As an example, here's a similar task: I have a timeseries, ts, with temperature "temp" and humidity "h".
I can do this via:
def temp_and_h(ts):
temp_i = ts['temp']
h_i = ts['h']
if temp_i > 2:
class=0
elif temp_i < -2:
class=1
else:
class=2
# find the index of closest value in the correct (class-specific) array in "h_ref"

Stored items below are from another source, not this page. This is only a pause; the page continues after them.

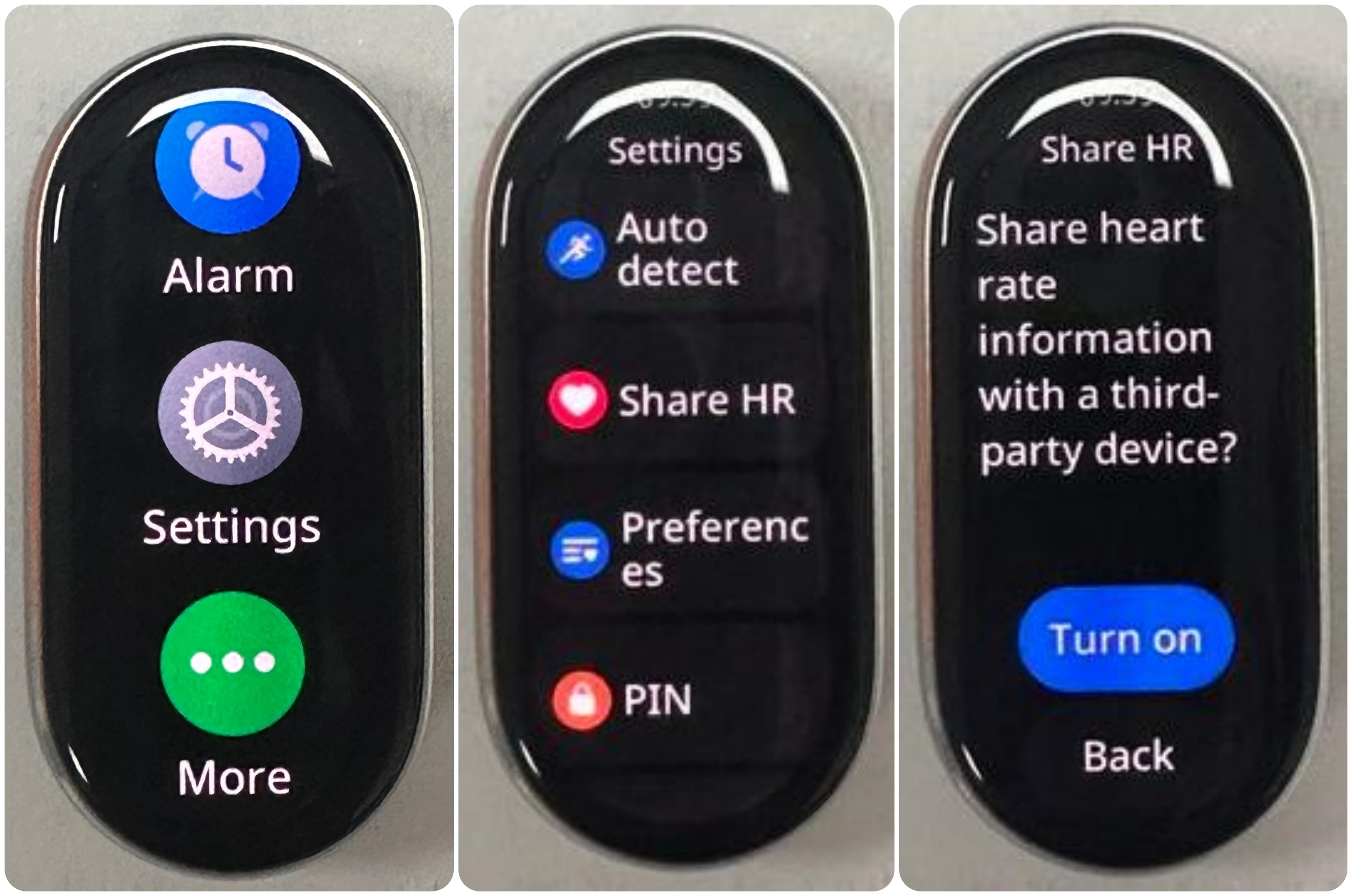 5. 블루투스 HR 브로드캐스트: 이 기능을 활성화하면 밴드는 블루투스를 통해 실시간 심박수 데이터를 심박수 브로드캐스트 수신을 지원하는 다른 장치로 전송할 수 있습니다. 활성화하려면 밴드의 APP 목록 >> [설정] >> [HR 공유] >> [켜기]로 이동합니다.
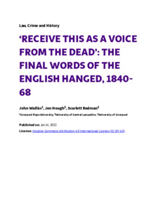 Walliss, John, Hough, Jennifer orcid iconORCID: 0000-0002-6206-0522 and Redman, Scarlett (2022) ‘RECEIVE THIS AS A VOICE FROM THE DEAD’: THE FINAL WORDS OF THE ENGLISH HANGED, 1840-68. Law, Crime and History .
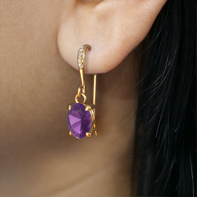 What could possibly be more stunning than a pair of stunning drop earrings? These gold Laurie OVL 2 drop earrings are a true eye-catcher. These charming drop earrings are set with oval amethyst. We collaborate with the best suppliers of gemstones and they select our gemstones with great care. Your drop earrings are made by hand in our own artisan studio by our expert goldsmiths. Customized chic charming drop earrings are the perfect gift! New exquisite designs are added daily by our team of passionate goldsmiths. And each design can be customized. Simply customize the precious metals and the color of gemstones which will be used, for example. This makes your design of the chic Laurie OVL 2 drop earrings truly unique!After receiving your order, our goldsmiths will passionately start the creative process of making your drop earrings in our own studio. Because we don't have a big stockpile, these costs will not be passed on to you. Our pricing is proof of that! We offer top quality jewels at lowest price, guaranteed.To make it easier for you, we offer a 30 day return policy. Check our terms and conditions.
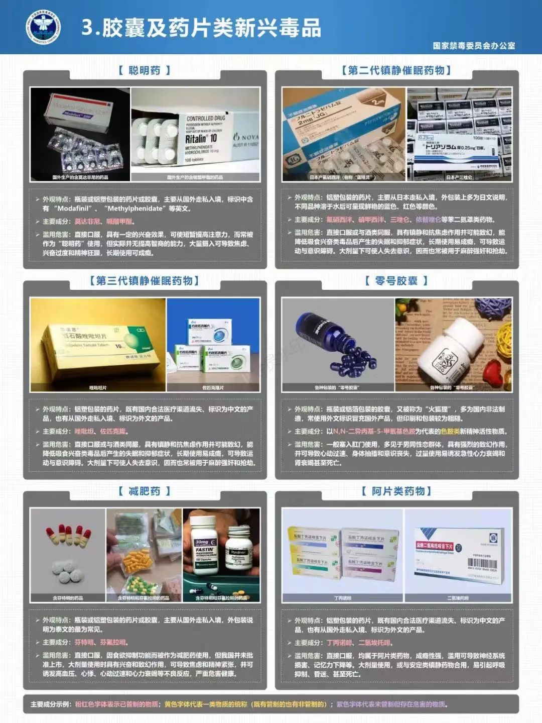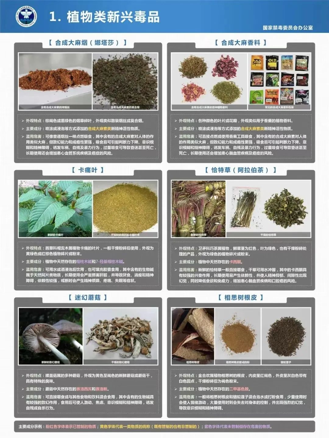 新型毒品:《2022年中国毒情形势报告》中指出:海洛因、冰毒等滥用品种仍维持较大规模,大麻吸食人数逐年上升,新精神活性物质滥用时有发现,花样不断翻新,包装形态不断变化,出现了伪装成食品饮料的“毒糖果”、“毒奶茶”等新型毒品。同时各地查处滥用杜冷丁、安眠酮等管制药物,吸食含合成大麻素、“笑气”等替代物品情况增多。
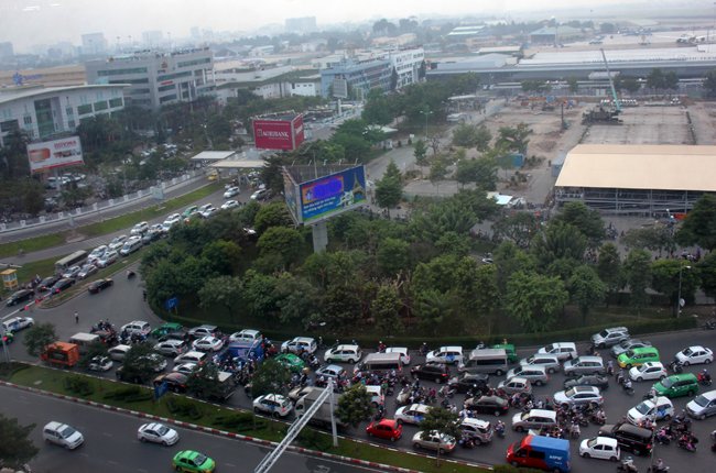 | Sân bay Tân Sơn Nhất không những quá tải bên trong mà giao thông dẫn vào sân bay cũng ùn tắc - Ảnh: Anh Quân |

diffs = [abs(x - h_i) for x in h_ref[class]]
h_idx = diffs.index(min(diffs))
return (class,h_idx)
Which is simply called via:
ts[['temp_idx', 'h_idx']] = ts.apply(stability_and_TI, axis=1)
However, on my machine this takes around ~670 seconds. I need to speed this up as much as possible. What other approaches can I try? I tried using np.vectorize, but the memory usage is too large (>100GB).
You can vectorize using pd.cut
and groupby.apply
:
ts['temp_idx'] = pd.cut(ts['temp'],
bins=[-np.inf, -2, 2, np.inf],
labels=[1, 2, 0])
ts['h_idx'] = (ts.groupby('temp_idx', group_keys=False)['h']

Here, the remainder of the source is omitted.